TASK TO COMPLETE - Your copy of the entries below should hold exactly the lines from the one containing "Minnesota Wild center" to the one containing "NURO ONEの速度の時間", inclusive, and no pictures.

[Extracted records]
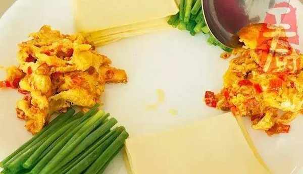 7、將炒熟的雞蛋和幹豆腐、小蔥一起擺入盤中。
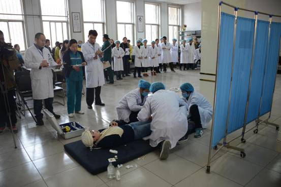 12月18日下午,由河南大学民生学院、河南大学第一附属医院联合主办的首届“医学生临床技能大赛”决赛在河南大学第一附属医院举行。我院院长李文山、党委常务副书记刘道衔、副书记王建国、副院长王天仕,河南大学第一附属医院院长赵志军、副院长张双林、副书记王新春、纪委书记李贵仓等领导出席本次活动。活动由徐国良主持。
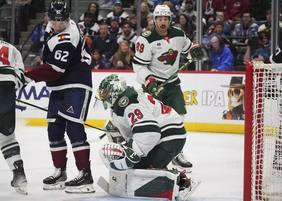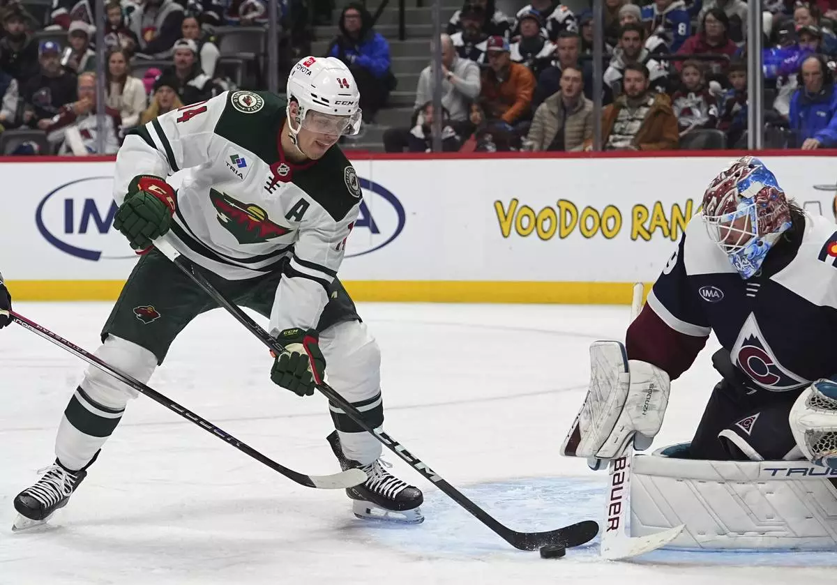 Minnesota Wild center Joel Eriksson Ek, left, redirects the puck at Colorado Avalanche goaltender Mackenzie Blackwood in the second period of an NHL hockey game Monday, Jan. 20, 2025, in Denver. (AP Photo/David Zalubowski)
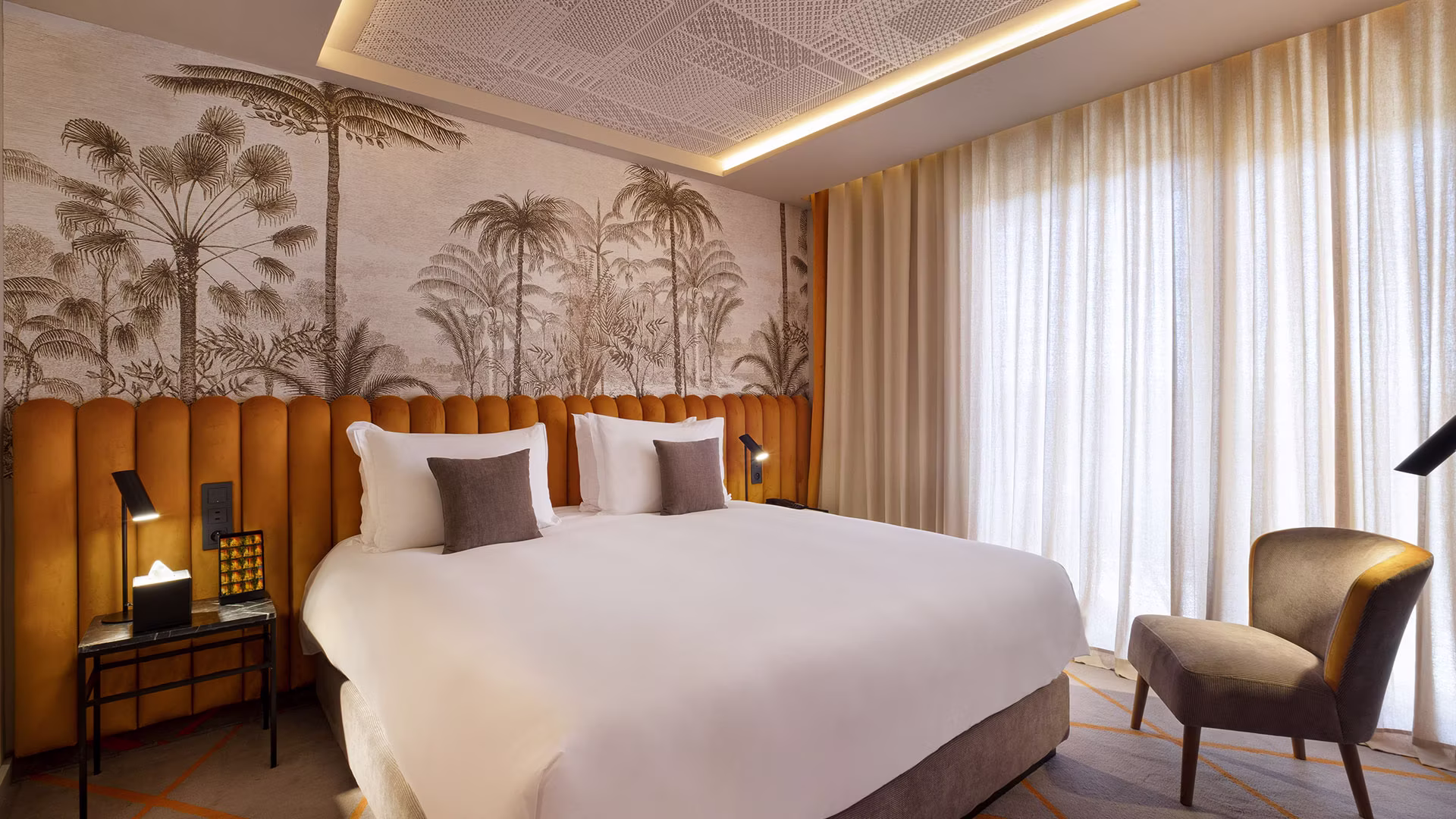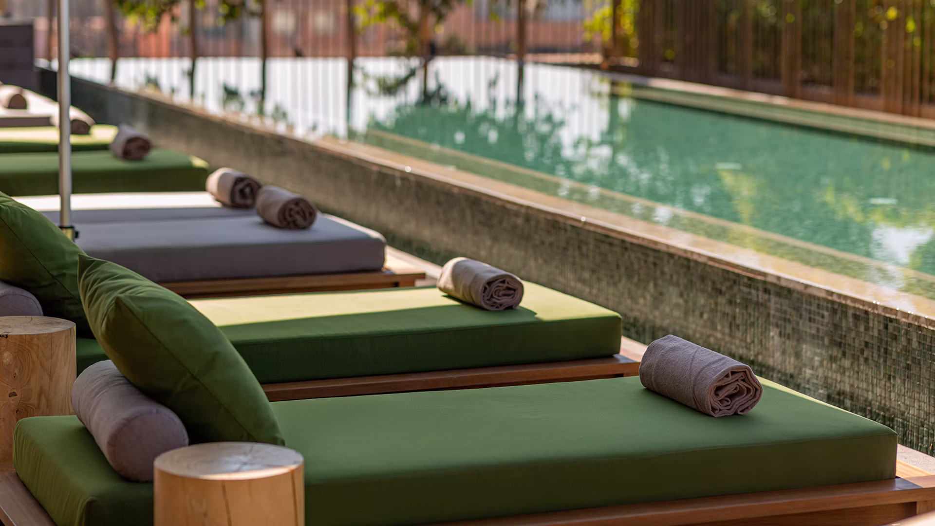 Les 162 chambres sont réparties dans des bâtiments aux toitures terrasses, offrant des vues dégagées sur le jardin central. L’ensemble architectural intègre également des espaces de loisirs et de bien-être : piscine principale, rooftop panoramique, spa, zones de détente et installations sportives (padel, yoga, parcours de santé), harmonisées avec le paysage.
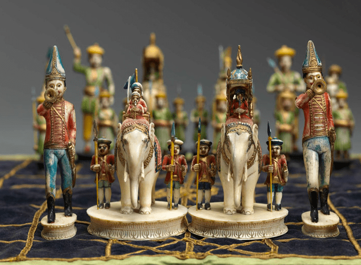 Chess has been called ‘The Royal Game’ not only because it originated in such royal courts but also because, across all eras and cultures, chess sets have been created from gold, silver, ivory, gemstones, crystal, and other opulent materials by the world’s finest craftsmen. The world-renowned Fabergé, Meissen, and Wedgewood workshops and many others were eager to join ranks with generations of elite anonymous craftsmen who worked for their ruler, church, or wealthy civil patrons to craft chess sets recognized as consummate works of art.
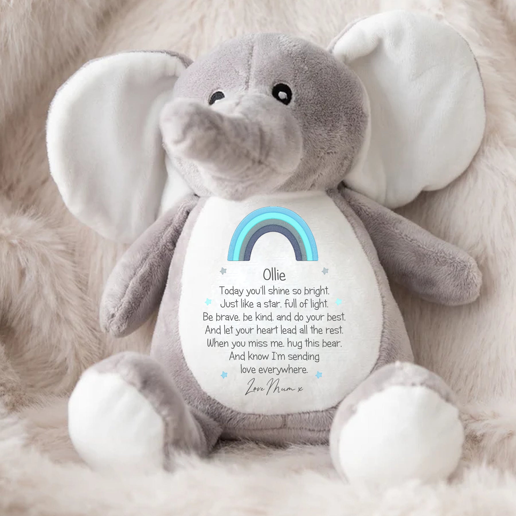 Featuring a sweet personalised name, a sweet message, and an adorable design, this plush bunny becomes a meaningful keepsake your child will cherish for years to come. Whether it’s their very first day at nursery, preschool, or reception, this comforting teddy is a lovely way to show support and encourage confidence as they begin their exciting journey.
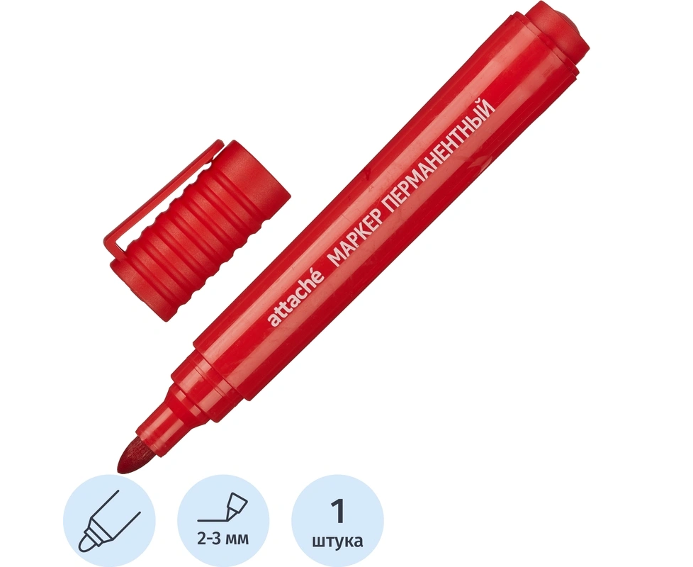 4261340486 МАРКЕР ПЕРМАНЕНТНЫЙ С КРУГЛЫМ НАКОНЕЧНИКОМ ATTACHE 475788 3 КРАСНЫЙ
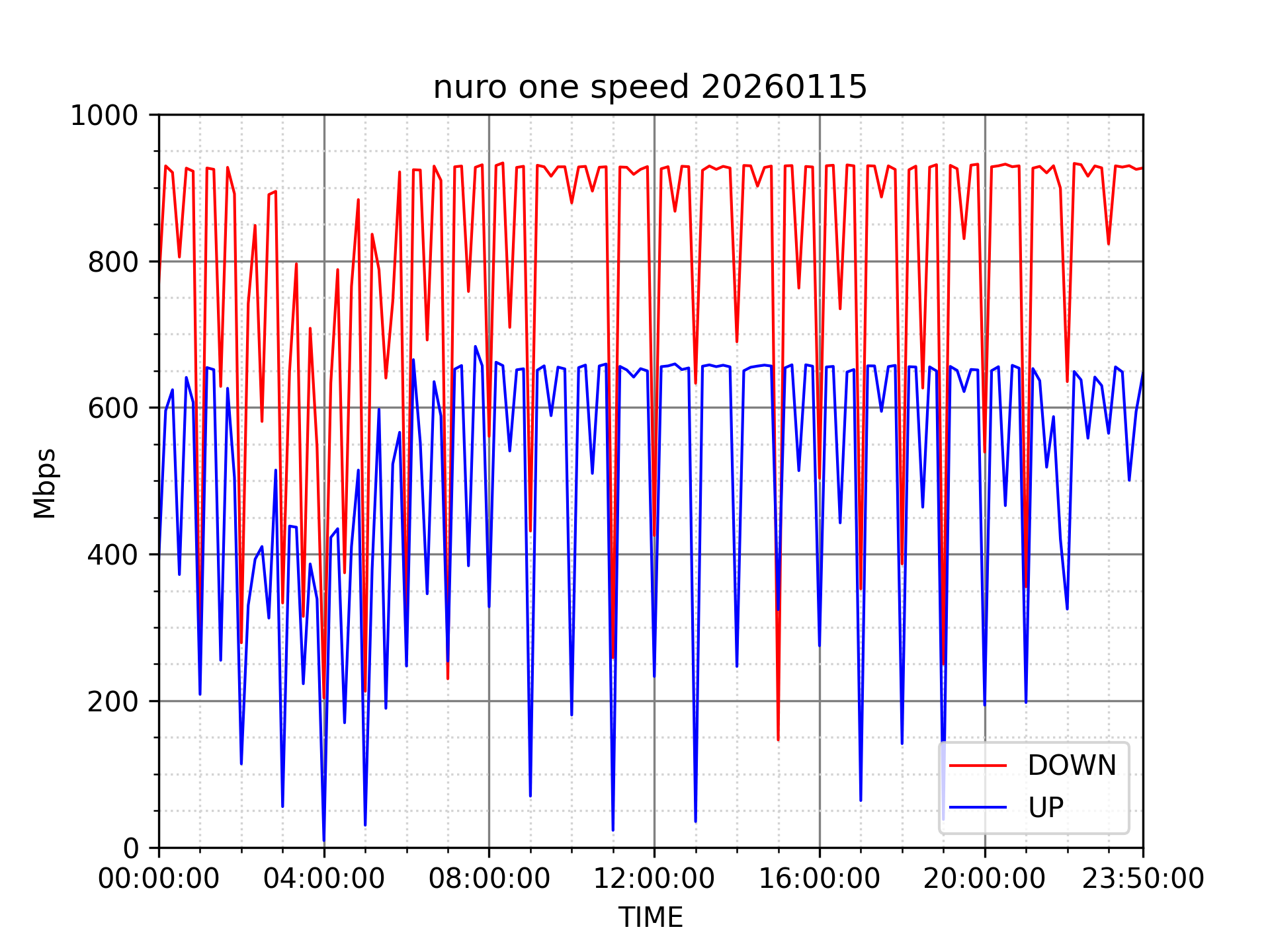 NURO ONEの速度の時間帯による変化を確認するため、プログラムを作って実際に細かく計測しています。
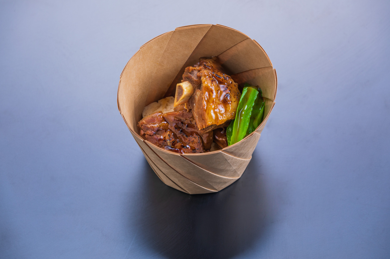 “A rice ball filled generously with juicy pork and egg on Okinawan-style seasoned rice, accompanied by two chef’s choice side dishes. Enjoy this special set and savor the flavors of the island for breakfast, available for dine-in or takeaway.”

TASK ANSWER -
 Minnesota Wild center Joel Eriksson Ek, left, redirects the puck at Colorado Avalanche goaltender Mackenzie Blackwood in the second period of an NHL hockey game Monday, Jan. 20, 2025, in Denver. (AP Photo/David Zalubowski)
 Les 162 chambres sont réparties dans des bâtiments aux toitures terrasses, offrant des vues dégagées sur le jardin central. L’ensemble architectural intègre également des espaces de loisirs et de bien-être : piscine principale, rooftop panoramique, spa, zones de détente et installations sportives (padel, yoga, parcours de santé), harmonisées avec le paysage.
 Chess has been called ‘The Royal Game’ not only because it originated in such royal courts but also because, across all eras and cultures, chess sets have been created from gold, silver, ivory, gemstones, crystal, and other opulent materials by the world’s finest craftsmen. The world-renowned Fabergé, Meissen, and Wedgewood workshops and many others were eager to join ranks with generations of elite anonymous craftsmen who worked for their ruler, church, or wealthy civil patrons to craft chess sets recognized as consummate works of art.
 Featuring a sweet personalised name, a sweet message, and an adorable design, this plush bunny becomes a meaningful keepsake your child will cherish for years to come. Whether it’s their very first day at nursery, preschool, or reception, this comforting teddy is a lovely way to show support and encourage confidence as they begin their exciting journey.
 4261340486 МАРКЕР ПЕРМАНЕНТНЫЙ С КРУГЛЫМ НАКОНЕЧНИКОМ ATTACHE 475788 3 КРАСНЫЙ
 NURO ONEの速度の時間帯による変化を確認するため、プログラムを作って実際に細かく計測しています。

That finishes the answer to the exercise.